### Task
Below are records to repeat exactly; copy them without the pictures.

### Data for analysis

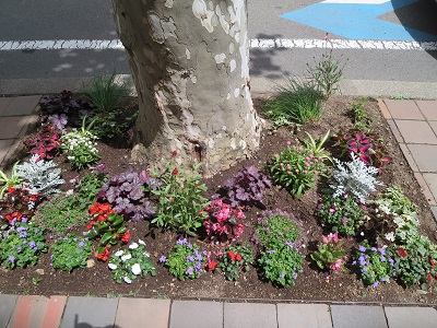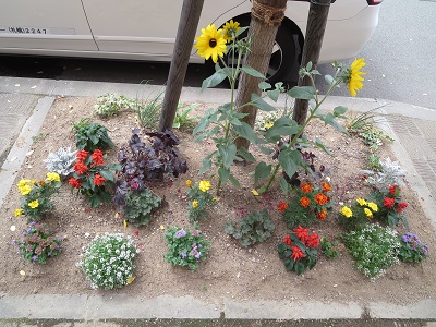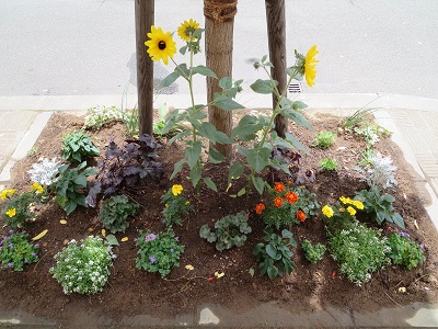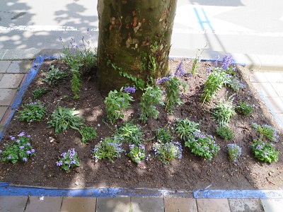 病院の入り口に一番近い街路ますは、医療従事者のみなさまに感謝をこめて青色の花を植えた
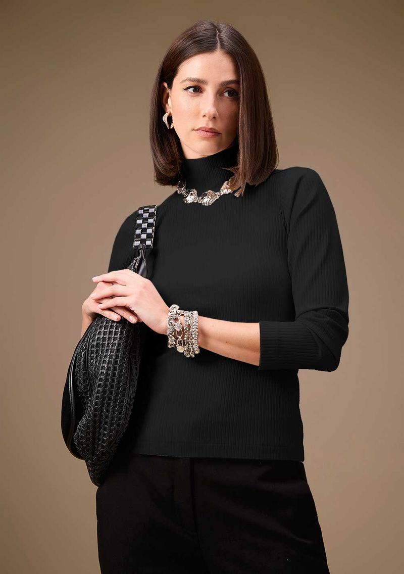 Eleve seu estilo com esta blusa elegante de gola alta e manga longa, um item essencial que combina tradição e modernidade. Com um padrão preto sofisticado, esta peça é perfeita para o outono/inverno, destacando sua presença em qualquer ocasião. Produzida com viscose e elastano, ela proporciona um caimento impecável e conforto absoluto. Combine-a com calças de alfaiataria e acessórios dourados para um visual elegante e marcante. Sinta-se confiante e sofisticada, refletindo a essência da coleção Maria.Valentina inspirada pela beleza italiana. Seja a protagonista do seu próprio estilo.
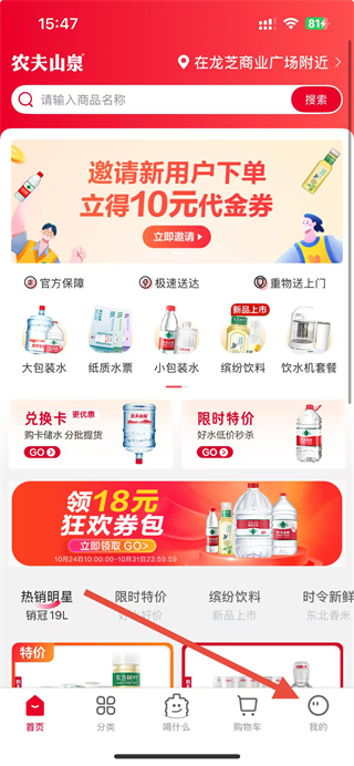 送水到府里头提供了农夫山泉水产品的订购,用户下单后即可享受送水到家,送水到府定期会做相关的活动,例如买赠活动以及送券活动,优惠券直接在送水到府内使用,可以当现金抵扣。
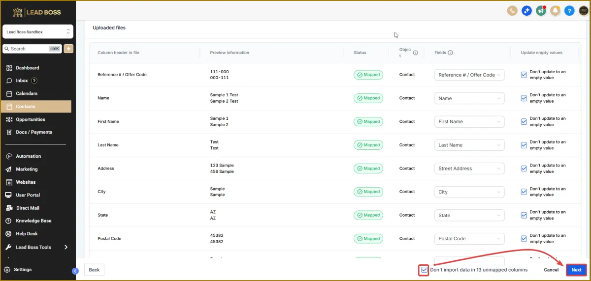 🔹 Match each column in your CSV file to the corresponding field in Lead Boss CRM.
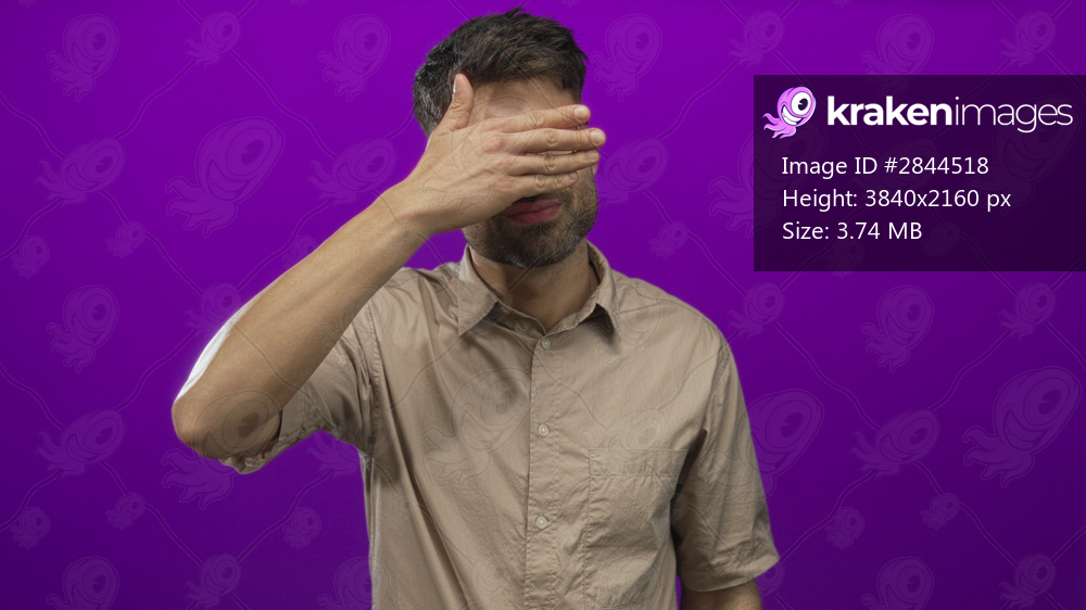 Young hispanic man covers eyes with hand and softly tilts head downward in purple studio; embarrassment.
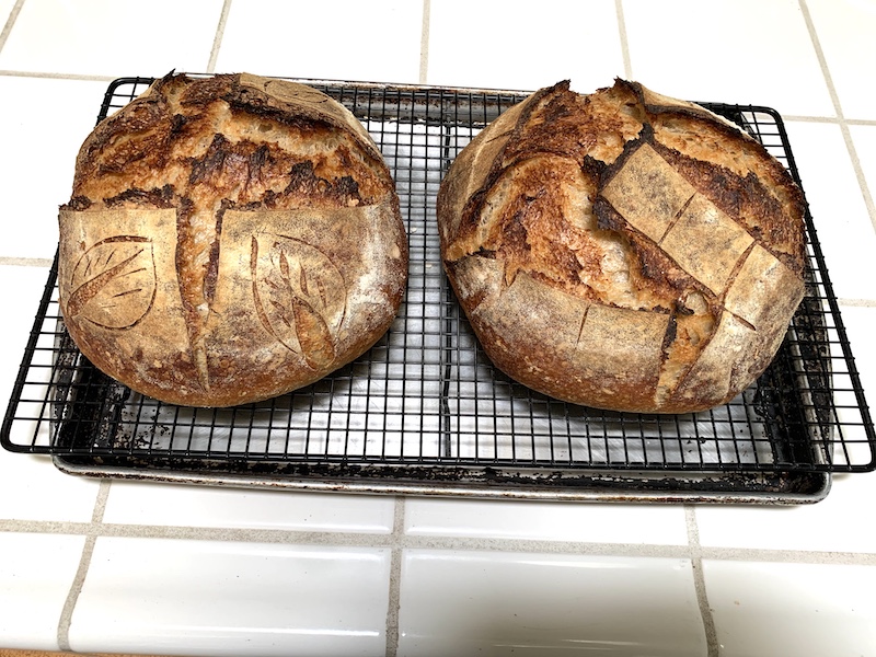 12. Bake in cast iron Dutch ovens covered at 475ºF for 30 minutes, then uncovered for another 20 minutes at 460. Alternatively, pre-heat your oven to 500ºF for an hour with a baking stone and steaming apparatus in place. Turn down the oven to 460ºF. Bake with steam for 15 minutes. Remove the steaming apparatus. Continue to bake for another 30-35 minutes. (Note: My preferred method, after I remove my steaming apparatus, is to bake at 440ºF with the convection fan turned on.)
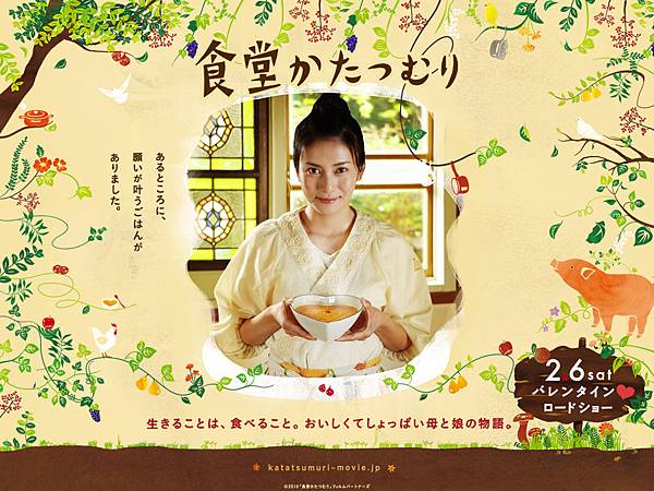 最近看了由柴崎幸和餘貴美子所主演的蝸牛食堂,電影的內容是描寫一個夢想著擁有自己餐廳的女孩-倫子,從故鄉來到東京打拼,每天努力存錢,但卻在夢想快要到達的前一刻,被騙光了積儲,走投無路的壓力下,讓倫子失去了說話的能力,並且落魄的回到故鄉,在母親及親朋好友的幫忙、還有寵物豬愛馬仕的陪伴下,重新站起來面對自己的人生,並將老家倉庫改建成屬於自己的-蝸牛食堂。

### Answer area
 病院の入り口に一番近い街路ますは、医療従事者のみなさまに感謝をこめて青色の花を植えた
 Eleve seu estilo com esta blusa elegante de gola alta e manga longa, um item essencial que combina tradição e modernidade. Com um padrão preto sofisticado, esta peça é perfeita para o outono/inverno, destacando sua presença em qualquer ocasião. Produzida com viscose e elastano, ela proporciona um caimento impecável e conforto absoluto. Combine-a com calças de alfaiataria e acessórios dourados para um visual elegante e marcante. Sinta-se confiante e sofisticada, refletindo a essência da coleção Maria.Valentina inspirada pela beleza italiana. Seja a protagonista do seu próprio estilo.
 送水到府里头提供了农夫山泉水产品的订购,用户下单后即可享受送水到家,送水到府定期会做相关的活动,例如买赠活动以及送券活动,优惠券直接在送水到府内使用,可以当现金抵扣。
 🔹 Match each column in your CSV file to the corresponding field in Lead Boss CRM.
 Young hispanic man covers eyes with hand and softly tilts head downward in purple studio; embarrassment.
 12. Bake in cast iron Dutch ovens covered at 475ºF for 30 minutes, then uncovered for another 20 minutes at 460. Alternatively, pre-heat your oven to 500ºF for an hour with a baking stone and steaming apparatus in place. Turn down the oven to 460ºF. Bake with steam for 15 minutes. Remove the steaming apparatus. Continue to bake for another 30-35 minutes. (Note: My preferred method, after I remove my steaming apparatus, is to bake at 440ºF with the convection fan turned on.)
 最近看了由柴崎幸和餘貴美子所主演的蝸牛食堂,電影的內容是描寫一個夢想著擁有自己餐廳的女孩-倫子,從故鄉來到東京打拼,每天努力存錢,但卻在夢想快要到達的前一刻,被騙光了積儲,走投無路的壓力下,讓倫子失去了說話的能力,並且落魄的回到故鄉,在母親及親朋好友的幫忙、還有寵物豬愛馬仕的陪伴下,重新站起來面對自己的人生,並將老家倉庫改建成屬於自己的-蝸牛食堂。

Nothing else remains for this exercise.